This week, the media has been astir with news of findings from a new study released in JAMA Pediatrics that reported an increase in risk of autism spectrum disorders (ASD) in 4 to 6 year old children born to mothers who were prescribed antidepressants during pregnancy in the second and/or third trimester. It almost feels like media panic, with news and social media venues sharing the “alarming” results widely and scientists trying to moderate.
As a researcher in this field, my message is: CAUTION, CAUTION, CAUTION.
Single Studies: Beware
First of all, one single study rarely changes a previously held conclusion or a medical practice, like prescribing antidepressants to pregnant women. That’s not a bad thing. It’s a good thing. Scientists think of evidence as a “body of evidence,” because it’s always prudent to look at ALL the studies on a topic when drawing a conclusion or interpreting the meaning. If we all changed medical practice based on one single study, we wouldn’t be doing our jobs well.

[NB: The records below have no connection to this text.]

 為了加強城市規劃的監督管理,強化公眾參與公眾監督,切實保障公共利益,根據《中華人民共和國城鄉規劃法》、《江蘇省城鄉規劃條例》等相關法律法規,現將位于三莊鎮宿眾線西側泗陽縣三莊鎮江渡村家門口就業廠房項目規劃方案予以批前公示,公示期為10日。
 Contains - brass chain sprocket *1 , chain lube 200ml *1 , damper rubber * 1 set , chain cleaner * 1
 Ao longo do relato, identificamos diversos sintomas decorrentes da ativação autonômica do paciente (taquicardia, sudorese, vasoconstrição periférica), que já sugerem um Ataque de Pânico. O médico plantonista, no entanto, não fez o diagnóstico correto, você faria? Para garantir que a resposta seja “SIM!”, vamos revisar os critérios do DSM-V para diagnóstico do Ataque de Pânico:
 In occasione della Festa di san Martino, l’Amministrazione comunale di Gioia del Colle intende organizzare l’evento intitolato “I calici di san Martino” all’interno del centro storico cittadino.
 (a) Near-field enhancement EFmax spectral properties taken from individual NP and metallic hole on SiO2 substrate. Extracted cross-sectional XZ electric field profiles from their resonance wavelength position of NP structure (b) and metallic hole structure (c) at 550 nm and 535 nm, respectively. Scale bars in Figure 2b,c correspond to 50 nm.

What is the “body of evidence” on the topic of antidepressants in pregnancy and autism spectrum disorders (ASD)? Mostly equivocal. That means that there are just about as many studies that show an association between antidepressants in pregnancy and ASD as those that do not. One more study, especially a well done study like the one in JAMA Pediatrics, adds to the “body,” and is certainly something to take note of….but it doesn’t sway the balance of the evidence at this point.
Study Design and Study Quality
The JAMA Pediatrics study was a cohort study. It followed women who were pregnant through to when their children were 6 years old. Although this was a well-designed, high quality cohort study, this kind of study is always flawed by the fact that it simply cannot account for all the other potential causes of autism. That means that we can never, with 100% certainty, say that antidepressants cause autism. There will always be other risk factors that we did not know about at the time of the study (and therefore didn’t take into account) or that the scientists couldn’t get information for. In the case of autism, we know so little about its risk factors that it is likely several risks were simply not accounted for in the study.

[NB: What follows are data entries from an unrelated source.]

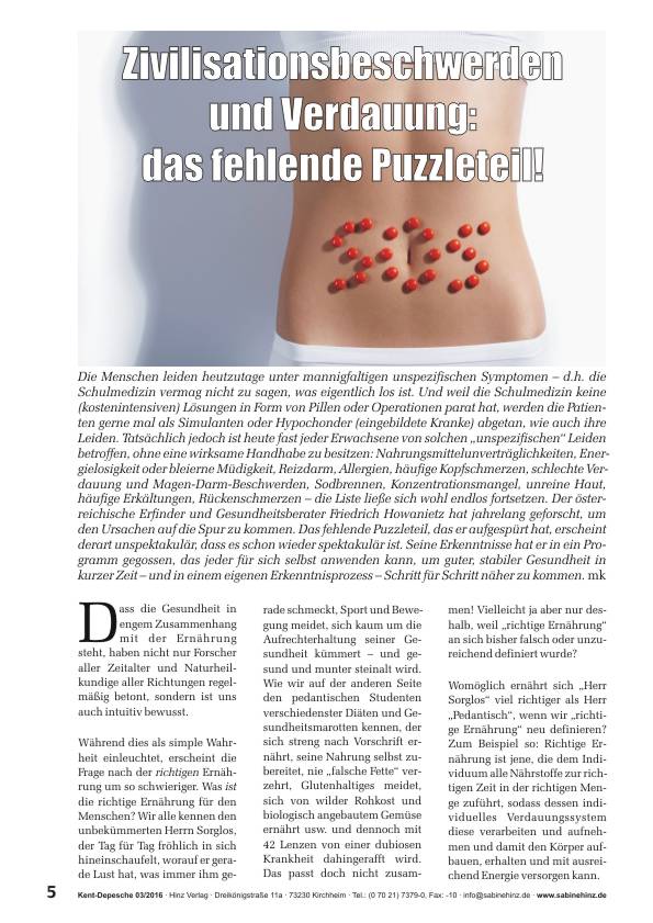 Der österreichische Gesundheitsberater Friedrich Howanietz hat jahrelang geforscht, um den Ursachen auf die Spur zu kommen. Das fehlende Puzzleteil, das er aufgespürt hat, erscheint derart unspektakulär, dass es schon wieder spektakulär ist. Seine Erkenntnisse hat er in ein Programm gegossen, das jeder für sich selbst anwenden kann, um guter, stabiler Gesundheit in kurzer Zeit – und in einem eigenen Erkenntnisprozess – Schritt für Schritt näher zu kommen.
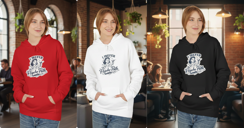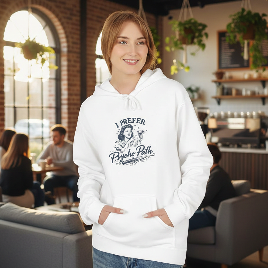Hoodie — "I Prefer the Psycho Path" Skeleton Graphic Hoodie — Dark Humor Casual Pullover
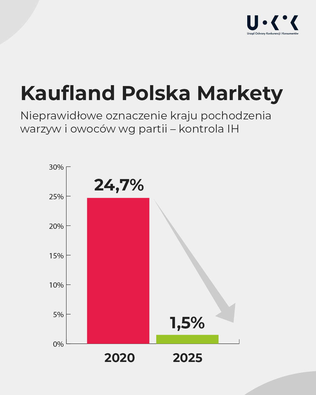 Po tym, jak do UOKiK zaczęły wpływać skargi konsumentów na błędy w oznakowaniu krajem pochodzenia warzyw i owoców, Prezes UOKiK postanowił sprawdzić, jak sklepy o tym informują. Wszczął w 2020 r. postępowania przeciwko Jeronimo Martins Polska (JMP), właścicielowi sklepów Biedronka, oraz Kaufland Polska Markety. Kontrole Inspekcji Handlowej potwierdziły, że klienci właśnie tych sieci byli wprowadzani w błąd.Informacje na wywieszkach różniły się od tych podanych na opakowaniach czy wynikających z dokumentów dostawy. Nieprawidłowości występowały w 27,8 proc. sklepów Biedronka i 38 proc. sklepów Kaufland skontrolowanych przez Inspekcję Handlową.
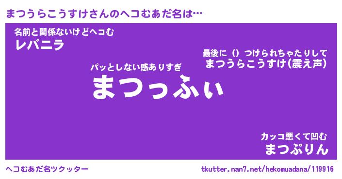 | 肩書あだ名 | 『まつうらこうすけ御曹司』 |
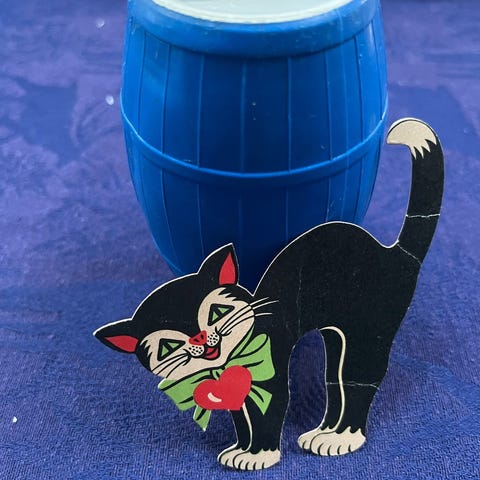 Gammel “farlig” Fastelavnskat, Nok fra 60’erne, dengang katten til fastelavn måtte være “ sur “ og denne er i ret stor størrelse. Se andet opslag med nyere glade papkatte i forskellige størrelser og andet pynt til fx. Et hjemmelavet fastelavns ris, måske med sundere slik eller hvad du nu syntes.

Perspective: How Many Children are Affected? How Big is the Risk?
Whenever we talk about the risk of a negative health outcome, such as autism spectrum disorder, we have to take a step back and ask how many individuals are affected. In this study, the medical records of 145,456 children were examined for a diagnosis of ASD. Less than 1% (0.7%) of children had such a diagnosis. Also, only 3% of women in the study were prescribed antidepressants. Although some media venues have reported that the risk of ASD in this study is “large,” the magnitude of the risk is small. And, it’s likely that if other “missing” risk factors were included in the study, the risk would be smaller yet.

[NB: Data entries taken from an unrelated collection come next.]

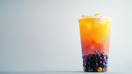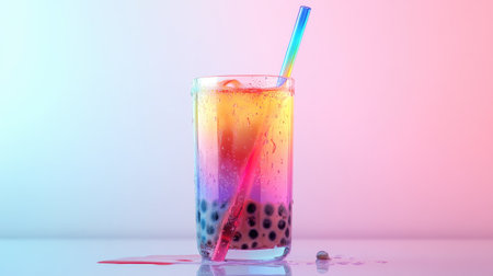 A vibrant image of a refreshing glass of bubble tea with a colorful straw, featuring visible tapioca pearls and tea layers, on a pristine white surface.
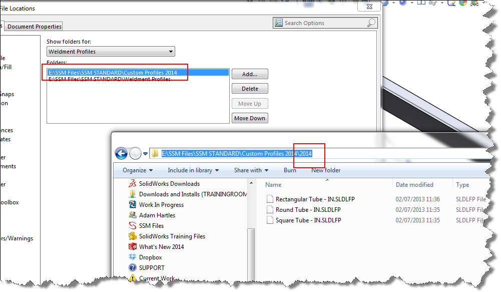 As mentioned the folder structure has to be a little different for these- basically they need to be located one less folder deep. In the SOLIDWORKS Options File Locations - Weldment Profiles, the linked folder in the past needed to have two subfolders nested beneath (in 2013)- the Standard and the Type, in this Type folder would be all of the separate documents for each profile. For these configuration based profiles, you only need one sub folder for the Standard- the file residing in that folder represents the Type and then the configuration represents the size. All a little confusing, so hopefully this image captures it all!!
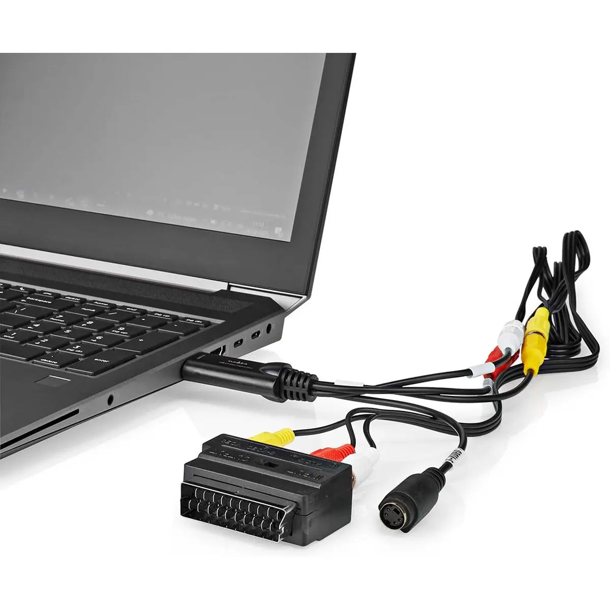 Placa de captura de vídeo USB 2.0 compatível com AV e S-Video, que converte conteúdos analógicos em formato digital no PC. Compatível com dispositivos AV, Scart e S-Video, incluindo gravadores e câmaras. Inclui dongle USB, adaptador Scart, cabo USB 2.0 para áudio/vídeo e guia de instalação rápida com software necessário. Compatível com Windows 7 a Windows 11.

What the Study Did Not Tell Us: The Risk of Untreated Depression in Pregnancy
The JAMA Pediatrics study aimed to answer one question:
- If a woman takes antidepressants in pregnancy, does it increase the risk that her child will be diagnosed with an autism spectrum disorder?
It did not answer the other question that should be addressed in any studies looking at the potential risks of prenatal medication:
- What is the risk of NOT treating a woman for depression in pregnancy – to her and to her child?
As such, this study doesn’t provide enough evidence to change medical practice regarding prescribing antidepressants in pregnancy. It gave evidence of a small risk of taking antidepressants. It did not give evidence of the risk of NOT taking antidepressants. We really only know half of the story from this study.
What are Current Recommendations About Taking Antidepressants in Pregnancy?
The most recent guideline on antenatal and postnatal mental health produced by the National Institute for Health and Care Excellence (NICE) is well respected by researchers and clinicians the perinatal mental health community. It says that women with moderate or severe depression in pregnancy or postpartum be treated with a high-intensity psychological intervention (e.g., cognitive behaviour therapy), or an antidepressant if the woman understands potential risks associated with the medication and:
- she has a preference for medication
- she declines psychological interventions
- or, her symptoms have not responded to psychological interventions.
One Final Note….
Our research shows that 45% of pregnant women choose not to raise concerns about their emotional health with their prenatal care provider because they are worried about “being put on antidepressants.” In other words, the fear (and myth) that there is only one option for treatment – medication – keeps women from even talking to their doctor about their struggles. Within the context of the current recommendations, it is important for women to understand that there are options for treatment that they can discuss with their physician and for physicians to offer those options. Medication is but one option.